By Kelly Riddell, Investigative Reporter
September 2, 2014

If the Illinois Teachers Retirement Service (TRS) had to pay out all of its pensions today, it could only afford to give its members 40 cents on the dollar.

Yet the number of six-figure pensions TRS has been doling out has increased 24 percent this year compared to last, with about 6,000 retired educators collecting more than $100,000 annually, according to records obtained by Open the Books, an online aggregator of local spending that tracks educator salaries, pensions and vendor spending.

The group’s Labor Day report found more than 100,000 retired Illinois educators had been paid back what they invested into the system just 20 months after leaving work, a financial burden linked to union collective bargaining, which can cost taxpayers $2 million or more per teacher over the course of retirement.

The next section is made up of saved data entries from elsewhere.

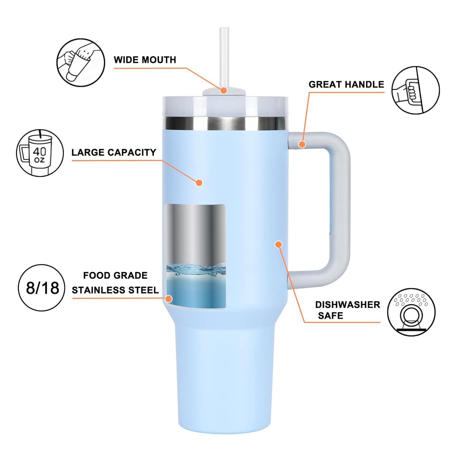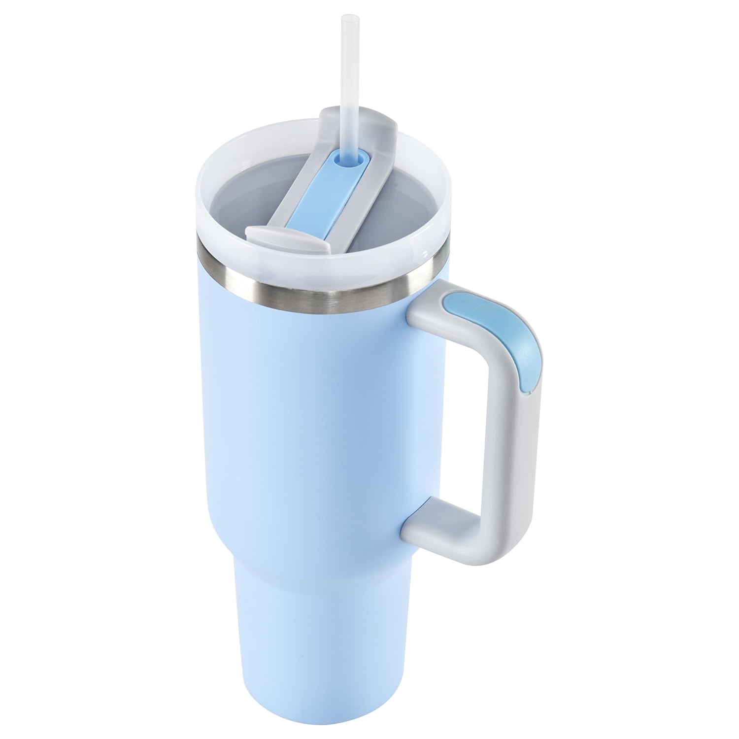 Featuring a comfortable ergonomic handle, a spill-proof flip lid, and a reusable straw, this tumbler is practical and stylish. Its sleek sky blue design adds a refreshing aesthetic wherever you go.
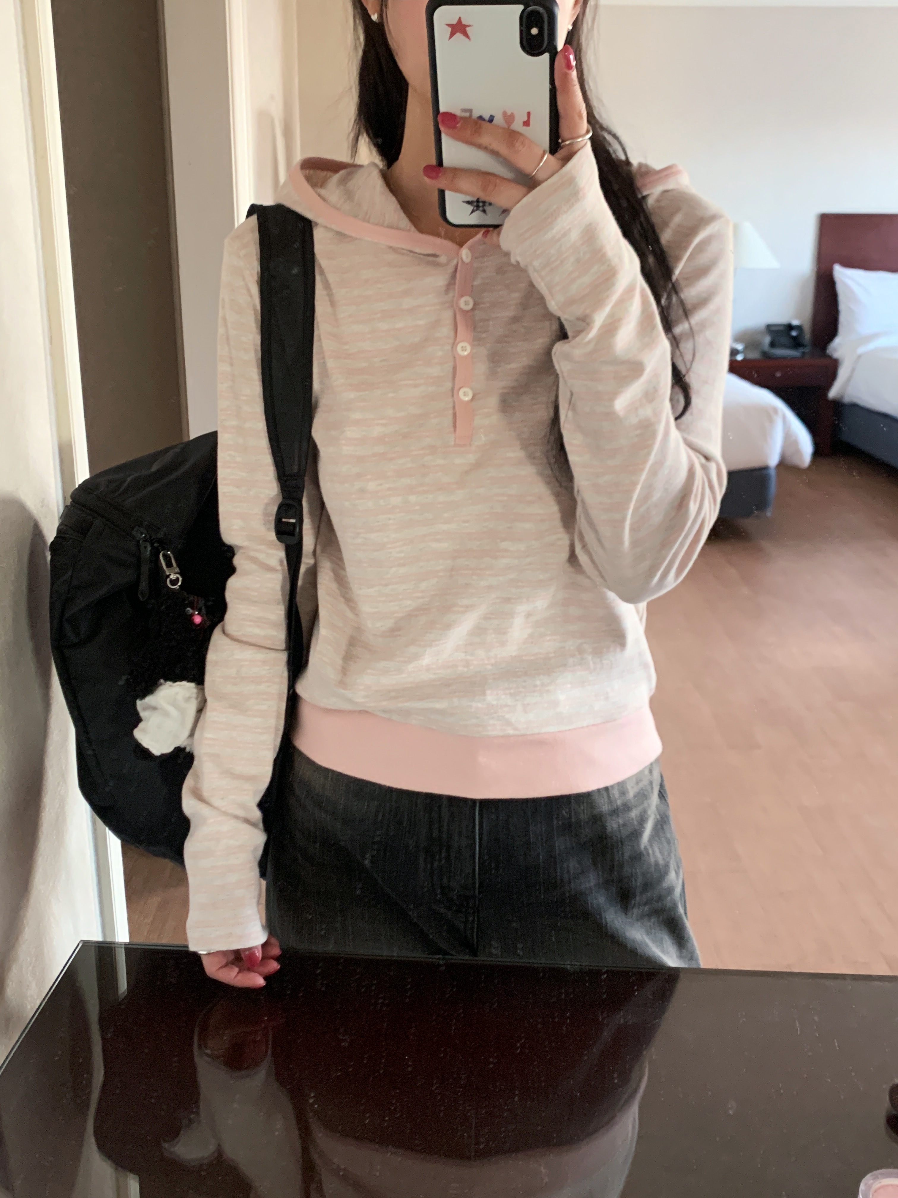 [캠퍼스룩🏫] 시오 스트라이프 후드 T - 4color (후드티/줄무늬/단가라/버튼/캐주얼/캠퍼스룩)
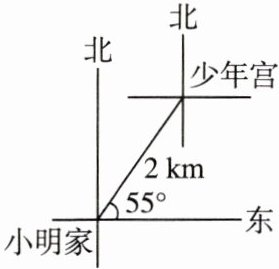 )。A.少年宫在小明家北偏东 $ 55 ^ { \circ } $ 方向,2 km 处
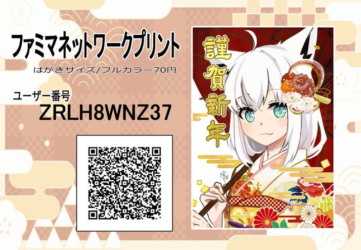 フブちゃんのお正月イラストをファミマネットワークプリントに登録させていただきました!

"For most school districts pension payments are one of the top five annual expenses," said Adam Andrzejewski, founder of Open the Books. "Are we going to educate children or provide lavish lifetime benefits for administrators and teachers? There’s not enough taxpayer money to do both."

Without reform, TRS’s pension plan could go bust by 2029, the fund’s executive director Dick Ingram told The State Journal-Register back in 2012.

Even though Illinois Gov. Pat Quinn and the state legislature pushed through legislation aimed at overhauling the pension fund last year, a court challenge brought by organized labor threatens to stymie that progress. In May the court decided to issue a temporary injunction against the new law — leaving the fund’s solvency in limbo.